● **Information supplied**
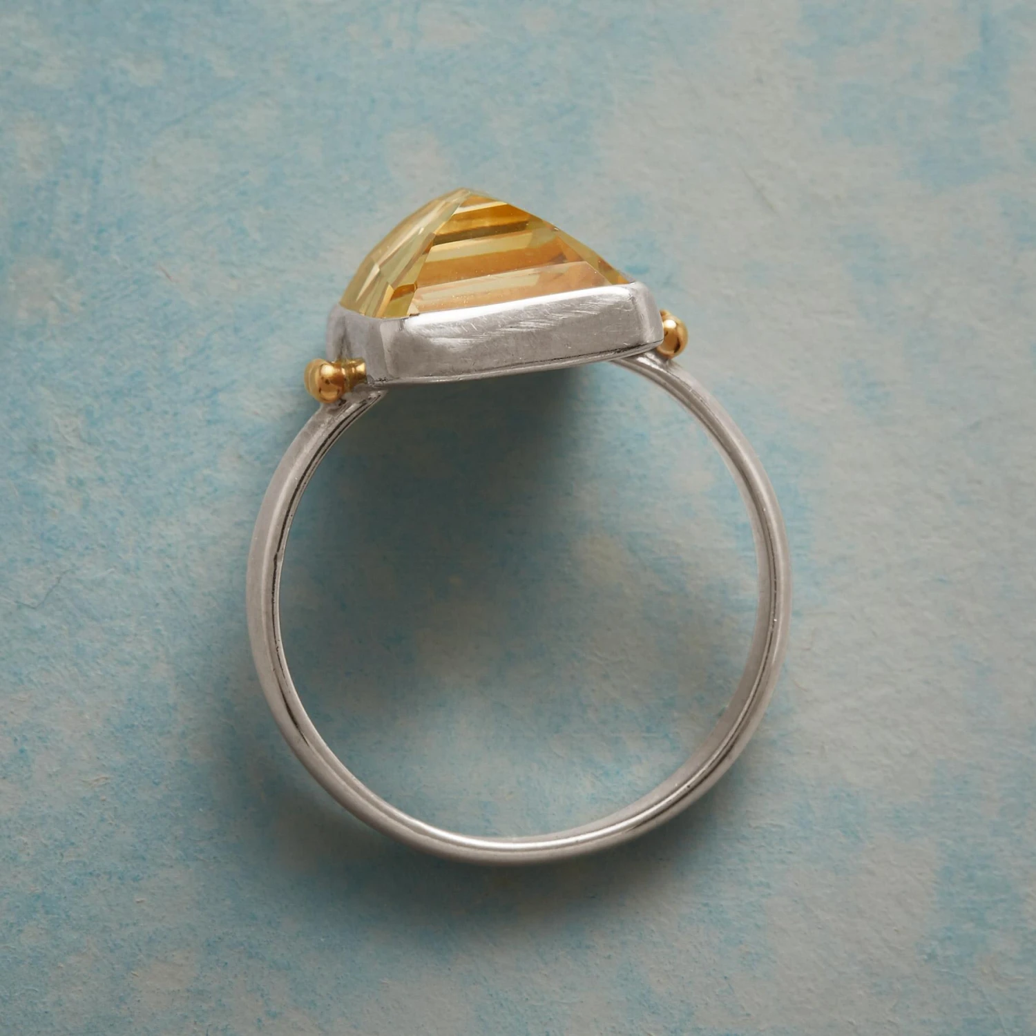 A sterling silver bezel and two pairs of 14kt gold plated accent balls highlight the luminescence of a radiant citrine. Handmade. Exclusive. Whole sizes 5 to 9.
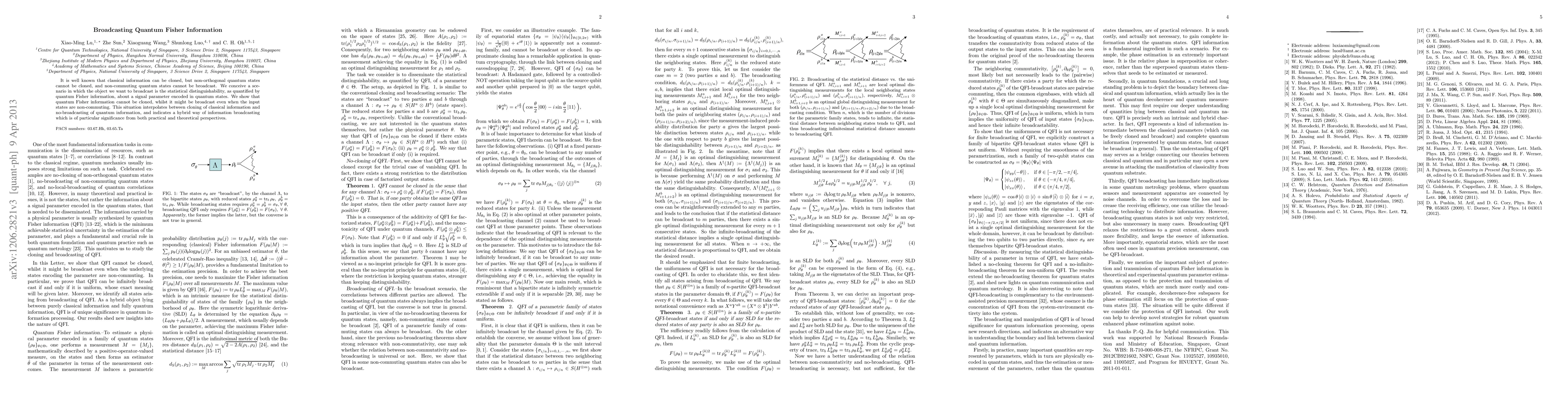 This paper explores the broadcasting of quantum Fisher information, which quantifies the distinguishability of signal parameters encoded in quantum states. While classical information can be cloned, quantum Fisher information cannot be cloned but can potentially be broadcast even for non-commuting states, presenting a unique hybrid method of information transmission.
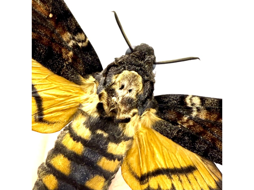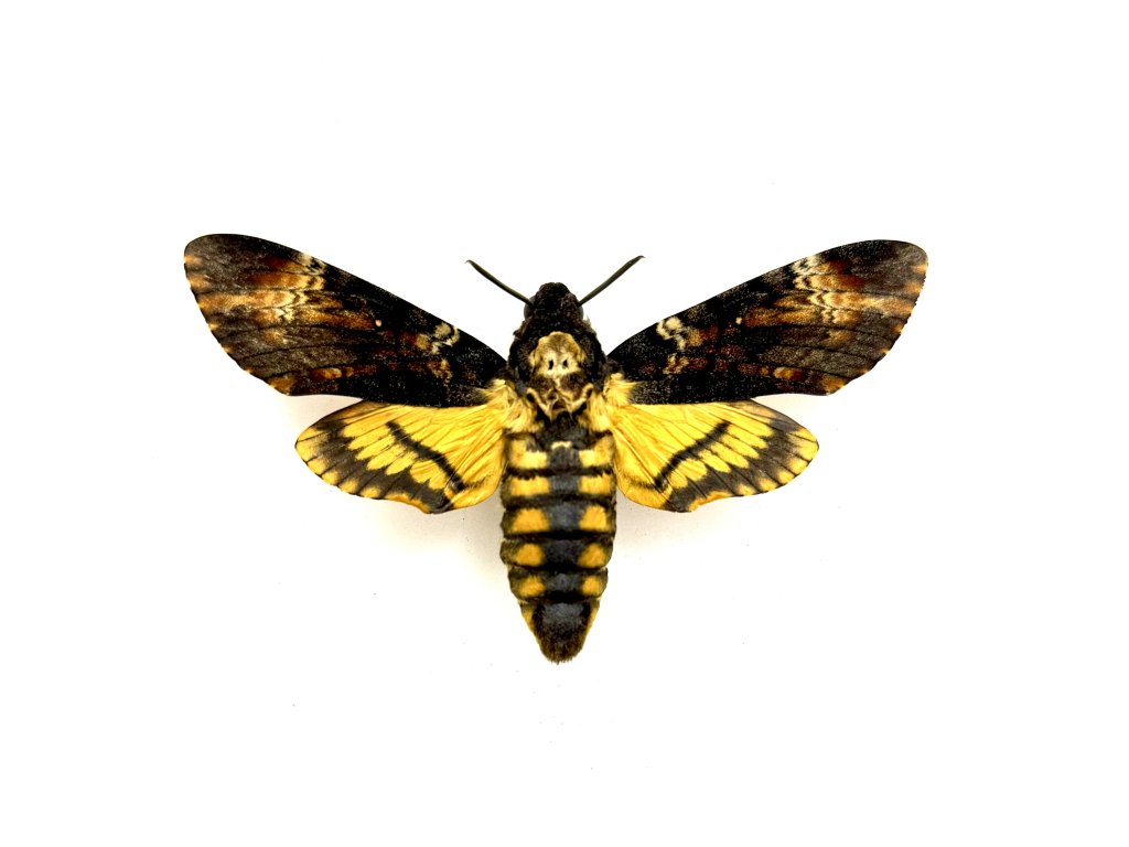 Exemplár nočného motýľa Lišaj smrtihlav (Acherontia atropos) v "sáčkovanom" stave - to znamená, že motýľa je potrebné po navlhčení vypreparovať pre následné uloženie do zbierky alebo rámu.
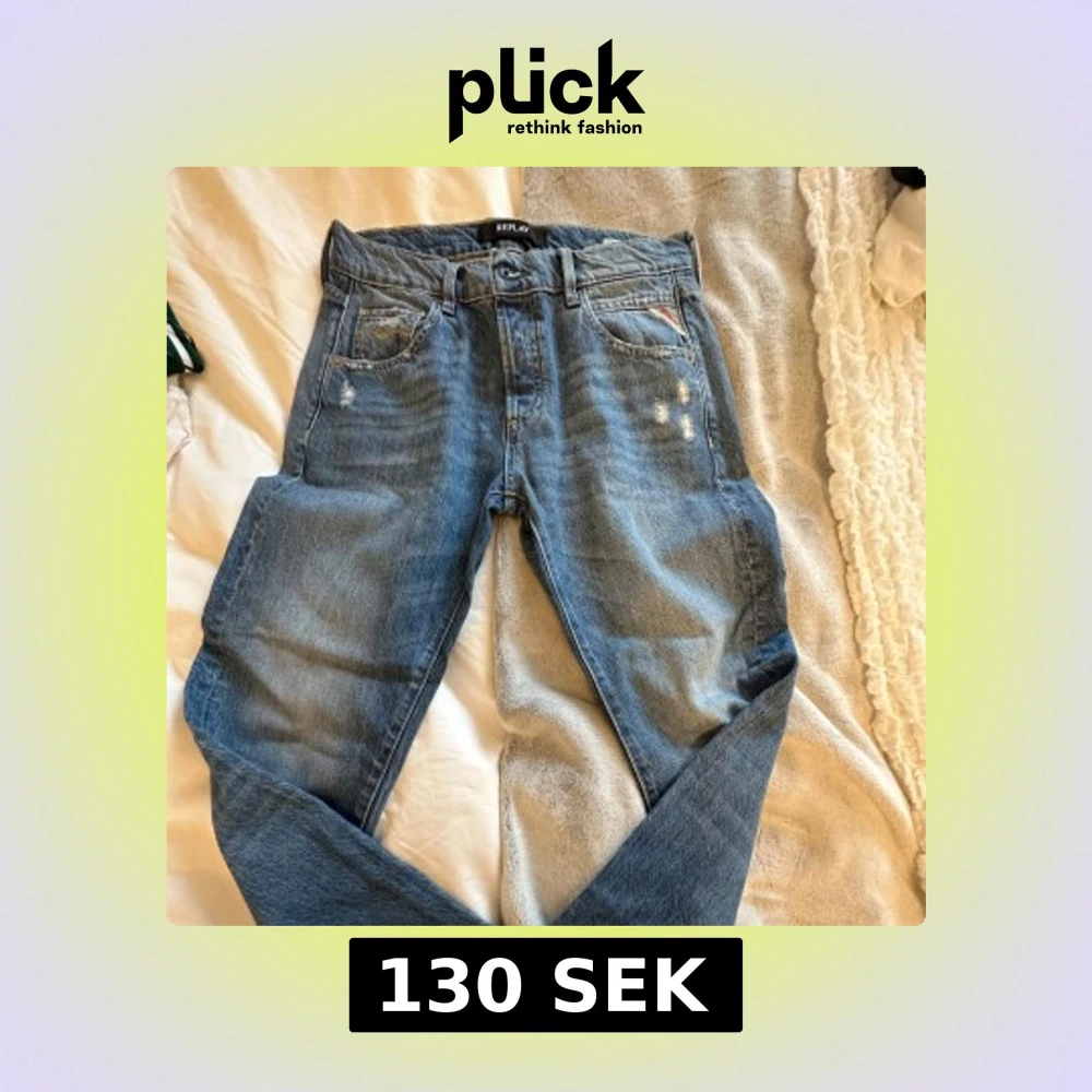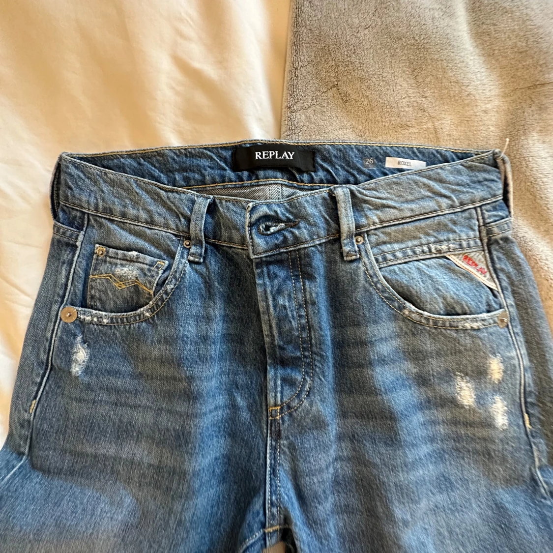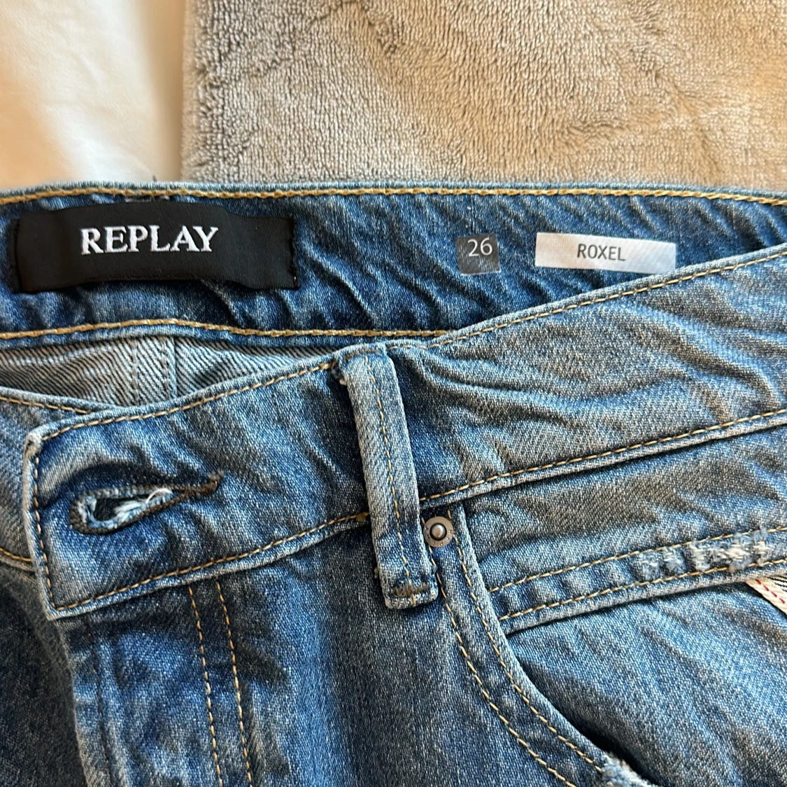 Säljer ett par klassiska blå jeansbyxor från Replay, modell Roxel. Byxorna har fem fickor, bälteshällor och slitna detaljer framtill för en trendig look. Perfekta till vardags och lätta att matcha med olika stilar.
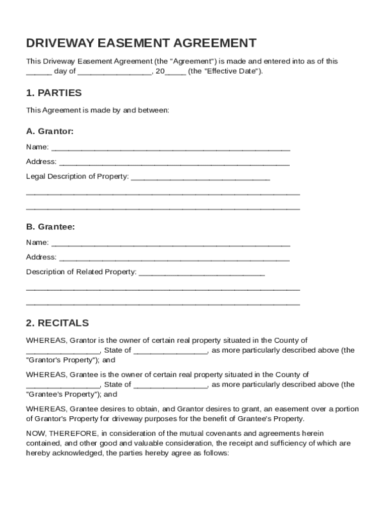 What is Driveway Easement Agreement Template

● **What is being asked**
Your reply should hold only the lines from the one that contains "This paper explores" through the last line of the records above, exact and complete, and no pictures.

● **Response to this task**
 This paper explores the broadcasting of quantum Fisher information, which quantifies the distinguishability of signal parameters encoded in quantum states. While classical information can be cloned, quantum Fisher information cannot be cloned but can potentially be broadcast even for non-commuting states, presenting a unique hybrid method of information transmission.
 Exemplár nočného motýľa Lišaj smrtihlav (Acherontia atropos) v "sáčkovanom" stave - to znamená, že motýľa je potrebné po navlhčení vypreparovať pre následné uloženie do zbierky alebo rámu.
 Säljer ett par klassiska blå jeansbyxor från Replay, modell Roxel. Byxorna har fem fickor, bälteshällor och slitna detaljer framtill för en trendig look. Perfekta till vardags och lätta att matcha med olika stilar.
 What is Driveway Easement Agreement Template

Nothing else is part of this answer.